Dynamical slave-boson mean-field study of the Mott transition in the Hubbard model in the large- z limit

Abstract

The Mott metal-insulator transition in the Hubbard model is studied by constructing a dynamical slave-boson mean-field theory in the limit of large lattice coordination number $z$ that incorporates the binding between doubly occupied (doublon) and empty (holon) sites. On the Mott insulating side where all doublons and holons bond in real space into excitonic pairs leading to the charge gap, the theory simplifies considerably to leading order in $1/\sqrt{z}$, and becomes exact on the infinite-$z$ Bethe lattice. An asymptotic solution is obtained for a continuous Mott transition associated with the closing of the charge gap at a critical value of the Hubbard $U_c$ and the corresponding doublon density $n_d^c$, hopping $\chi_d^c$ and doublon-holon pairing $\Delta_d^c$ amplitudes. We find $U_c=U_{\rm BR} [1 -2n_d^c -\sqrt{z} (\chi_d^c +\Delta_d^c))] \simeq0.8U_{\rm BR}$, where $U_{\rm BR}$ is the critical value for the Brinkman-Rice transition in the Gutzwiller approximation captured in the static mean-field solution of the slave-boson formulation of Kotliar and Ruckenstein. Thus, the Mott transition can be viewed as the quantum correction to the Brinkman-Rice transition due to doublon-holon binding. Quantitative comparisons are made to the results of the dynamical mean-field theory, showing good agreement.
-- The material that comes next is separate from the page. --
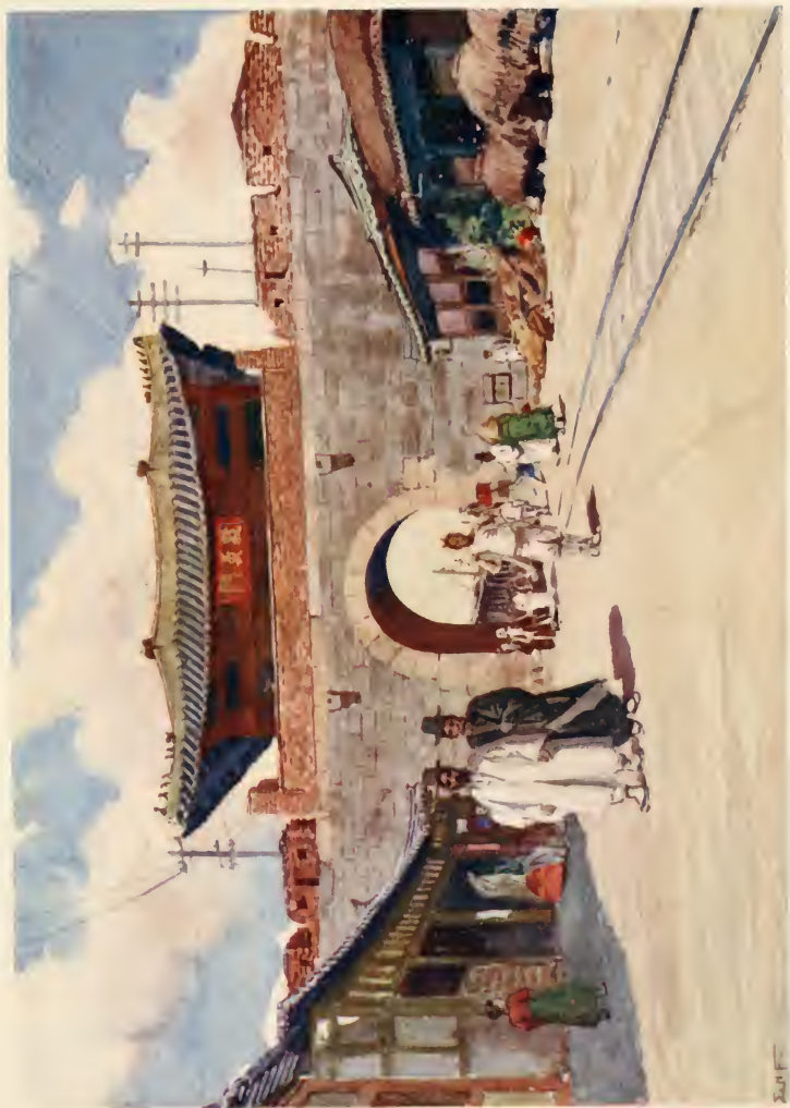
ONE OF THE GATEWAYS ON THE CITY WALL SEUL. PHOTO 72.
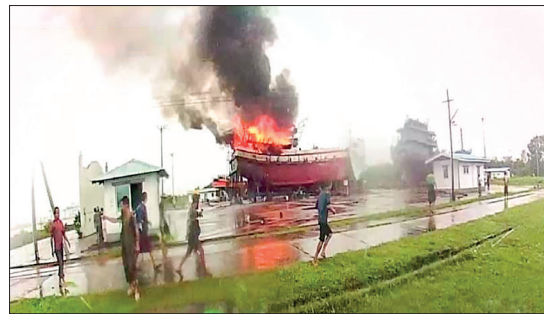
Fire brigade members are seen putting out the fire.

Fire brigade members from Kyimyindine Township on the Yangon side carried water pumps, generators and pipes by boats to the other side while putting out the fire.

In the absence of magnetic order, the Mott insulator is a $U(1)$ quantum spin liquid with nonzero intersite spinon hopping that survives the large-$z$ limit and lifts the $2^N$-fold degeneracy of the local moments. We show that the spinons are coupled to the doublons/holons by a dissipative compact $U(1)$ gauge field in the deconfined phase, realizing the spin-charge separated gapless spin liquid Mott insulator.